REQUIREMENT:
Beginning with the line containing "5. Εμφάνιση πληροφοριών: ταχύτητα, ώρα, αριθμός" and ending with the line containing "Til Death Sweatshirt, Skeleton", write out each line of the records below exactly; pictures and lines outside that range are left out.

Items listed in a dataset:
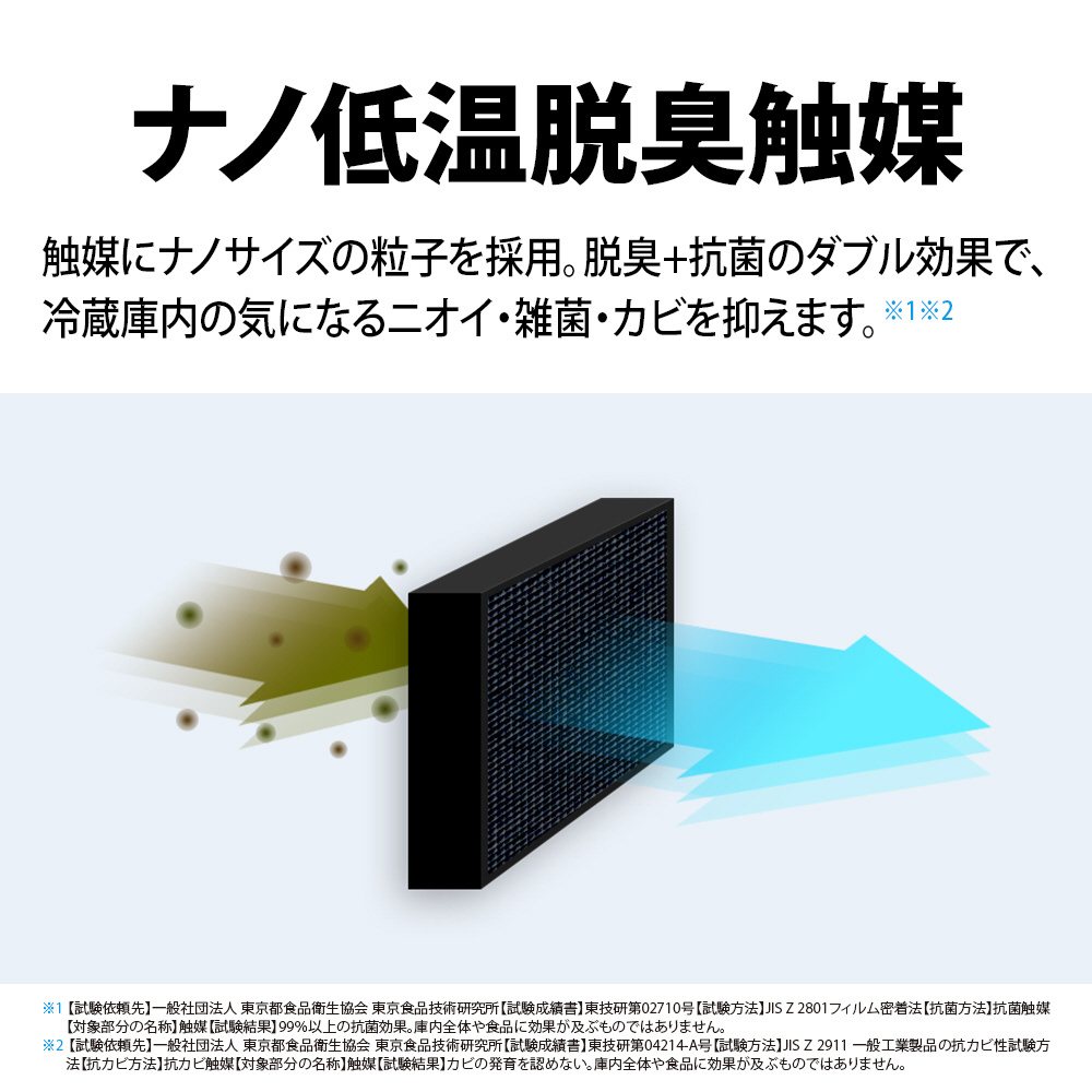 ■触媒にナノサイズの粒子を採用。脱臭+抗菌のダブル効果で気になるニオイ・雑菌・カビを抑えます。
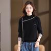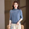 Women's Loose Fit Mock Neck Contrast Knit Pullover Sweater
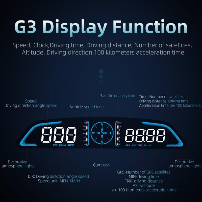 5. Εμφάνιση πληροφοριών: ταχύτητα, ώρα, αριθμός δορυφόρων, απόσταση οδήγησης, χρόνος οδήγησης, κατεύθυνση πυξίδας, γωνία κατεύθυνσης οδήγησης, υψόμετρο, χρόνος επιτάχυνσης ανά 100 χιλιόμετρα
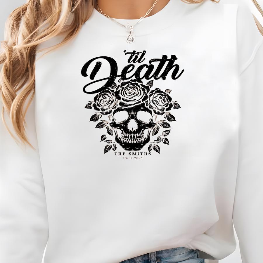 Til Death Sweatshirt, Skeleton Bride Groom Hoodie, Custom Wedding Gift, Gothic Newlywed Sweater, Just Married Couple Top, Cozy Hoodie Sweatshirt
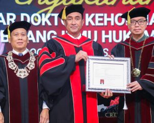 Penganugerahan gelar tersebut merupakan bentuk penghargaan akademik tertinggi atas kontribusi, pemikiran, dan pengabdian yang konsisten dalam pengembangan dan penegakan hukum, khususnya melalui penguatan kebijakan nasional serta praktik hukum yang berkeadilan dalam upaya Pencegahan dan Pemberantasan Penyalahgunaan dan Peredaran Gelap Narkotika (P4GN).
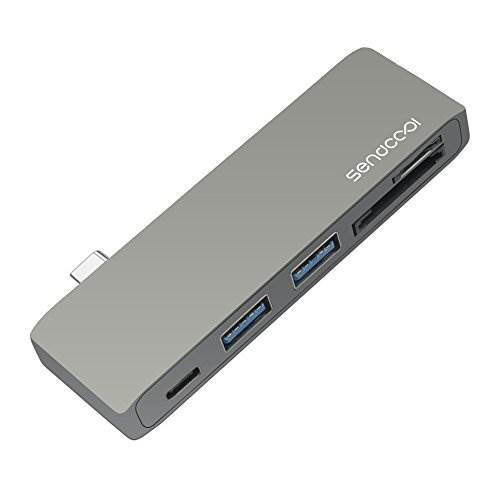 Compact The small size makes the Type-C Pass Through USB Hub easy to fit into a purse, backpack, or laptop bag. No matter where your travels take you, you won’t be far from the convenience of accessing your favorite USB devices! Plug and play The USB-C connector does not require any software, drivers, or complicated installation process. And it is completely reversible, so you’ll never have to worry about plugging it in incorrectly. High Transfer Rate Sendcool Hub can supports high speed transfer rates of up to 5 Gbps with 3.0 USB version, 1 second synchronous transmission of 100 songs, 3 seconds to synchronize the transmission of two films. Specifications Material: Aluminum alloy Product Dimension: about 85*30*10mm Product Weight: about 20g Supported memory card models: SD, SDHC, SDXC, Micro SD, MMC, etc (support maximum capacity up to 2 TB) Operating Voltage: 5V Working Current: 150-180 mA Smart Charge Voltage/Current: 14.5V/2A【5 in 1 Type-C Hub】Expand your Type-C port, Features two USB 3.0 ports, a SD and Micro SD card slot, and a charging port.It can support all the ports what you need on your MacBook Air or MacBook Pro and more.

FINAL ANSWER:
 5. Εμφάνιση πληροφοριών: ταχύτητα, ώρα, αριθμός δορυφόρων, απόσταση οδήγησης, χρόνος οδήγησης, κατεύθυνση πυξίδας, γωνία κατεύθυνσης οδήγησης, υψόμετρο, χρόνος επιτάχυνσης ανά 100 χιλιόμετρα
 Til Death Sweatshirt, Skeleton Bride Groom Hoodie, Custom Wedding Gift, Gothic Newlywed Sweater, Just Married Couple Top, Cozy Hoodie Sweatshirt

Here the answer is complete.